S-Corporation format can provide you with some amazing benefits, but if you don’t maintain it properly, you can have a lot of unexpected problems.
I wish that it was as easy as just filing a form with the State. Then you have magical tax savings and bulletproof asset protection, but that’s simply not the case. In order to maintain an S-corporation it is more than that.
The reality is that the tasks can be easy and fairly affordable. Here are the items to check off on your “to-do list” when it comes to maintaining your entity. You’ll truly reap some tax benefits and have a serious level of asset protection.
Here is Your ‘To-Do-List’ of 7 things to be Aware of if You Want to PROPERLY Maintain Your S-Corporation:
1. Corporate Documents
Review your initial set-up and make sure you have all of the key components of a proper formation; i.e. Articles, Bylaws, Minutes, Stock Certificates, Corporate Seal, etc… Remember it’s not just ‘filing with the State’ that creates a proper entity.
In fact, it’s surprising how many new clients I meet with that “think” they have an S-Corporation. Come to find out they never filed their S-Election (Form 2553) or they are out of compliance with the Secretary of State. This puts a major dagger into the heart of your S-Corporation Strategy.
2. Annual Minutes and Board Meetings
It’s easy and affordable to make sure you hold your annual Shareholder and Director meetings. It’s also a great write-off opportunity!! Along with that it’s critical for asset protection. Many people think that because I have an LLC ‘taxed as an S-Corp’ I can skip this important step. Don’t do it!!
If you haven’t done your ‘Minutes’ in a few years, all is not lost. Complete what we call a ‘clean up’ and get on a system. Check out our CMP program at KKOS Lawyers and let your Paralegals take care of the details.
3. Annual State Secretary of State Filings
Every state has a different filing fee and procedure for renewing your S-Corporation each year. If you don’t complete this filing, your corporation can be involuntarily dissolved and now you have nothing.

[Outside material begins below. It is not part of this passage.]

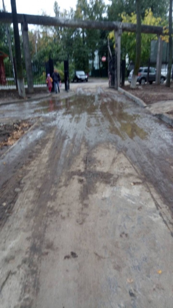 | Вот такая «комфортная среда» у нас около ЦВР в старом парке... Лужа грязи прямо по центру главного входа, плюс грузовики эту грязь дальше растаскивают во все стороны... Это дожди только начались, дальше хуже будет... Ведь обещали к 1 сентября закончить, а нет, в конце августа начали только все работы, в сухую погоду не успели... Нельзя заезд КамАЗов и проход детей в ЦВР разделить как-то? Неужели все должны по этой грязи ходить и от грузовиков отскакивать? Или пока несчастный случай не случится ничего придумать не можем???

You default to operating as a sole-proprietorship and the IRS can even take issue with your tax filings and disallow your tax filing if you aren’t in good standing with the State.
4. Regular Operations and ‘Using the Name’
To ensure much stronger asset protection in the event of a lawsuit, get into the habit of using your corporate name on all of your legal documents, advertising material, website and certainly your business cards. Let the world know you have incorporated.
Also, if you want the asset protection of an S-Corporation you have to let your customers, vendors and contacts know that ‘your company’ is the one doing business. You are simply an officer and employee of the corporation.
5. Quarterly Payroll
Setting up your personal payroll procedure is the most critical aspect of owning and operating an S-Corporation to save taxes.
This process includes making sure you have a proper payroll level established for you that is realistic and not to aggressive yet allows for maximum self-employment tax savings. Next, it requires that you file quarterly payroll reports and making deposits based on your particular situation.
The deposits vary based on the amount of your payroll. Choosing the proper payroll is absolutely critical.
Here is a diagram I have referred to as the “Kohler Payroll Matrix” over the years. This is an updated version since the passing of the Tax Cuts and Jobs Act effective in 2018, and can be a useful visual guide in determining the proper salary level in your S-Corporation from year to year.
You’ll see that I begin the diagram at $50,000 of net income and a 50 percent payroll allocation at that level. As such, when taking the operational costs of to maintain an S-Corporation into account, it typically doesn’t make sense to utilize the S-Corporation unless you’re making a net income of at least $40,000.
MOST IMPORTANTLY, note that determining the proper payroll for a business owner is not an absolute science. It’s a subjective analysis and this diagram is simply a ‘starting point’ or a ‘guide’ for S-Corporation owners to talk about with their tax professional. Nonetheless, I have found these boundaries to be sufficiently reasonable in discussions with IRS representatives when working with clients and their payroll allocation over the past 20 years.
6. Tax Return Filing
It’s well recognized that S-Corporations provide incredible audit protection. It is also estimated they are audited up to 15x less frequently than that of Sole-proprietorships. However, if you don’t file your tax returns on time and/or an extension, you will actually increase your chances of an audit dramatically and the penalties for late filing have gone through the roof.
The required tax return is an 11020-S and is due by March 15th…UNLESS you file an Extension you have until September 15th to file the final return.
7. State Tax Filing Requirements
Every state is a little different when it comes to S-Corporation filing requirements. Some states are cheap and easy, others are expensive and complex, with of course everything in between. Familiarize yourself with your State’s rules and get set up on a system with your accounting professional.
Bottom line, the S-Corporation can be a powerful structure and tool to save on self-employment taxes. Additionally, it can protect a business owner’s personal assets from lawsuits that may arise from their operations. Keep in mind that all of this comes with an administrative cost.
Make sure you are familiar with your responsibilities as an owner of this incredible small business tool.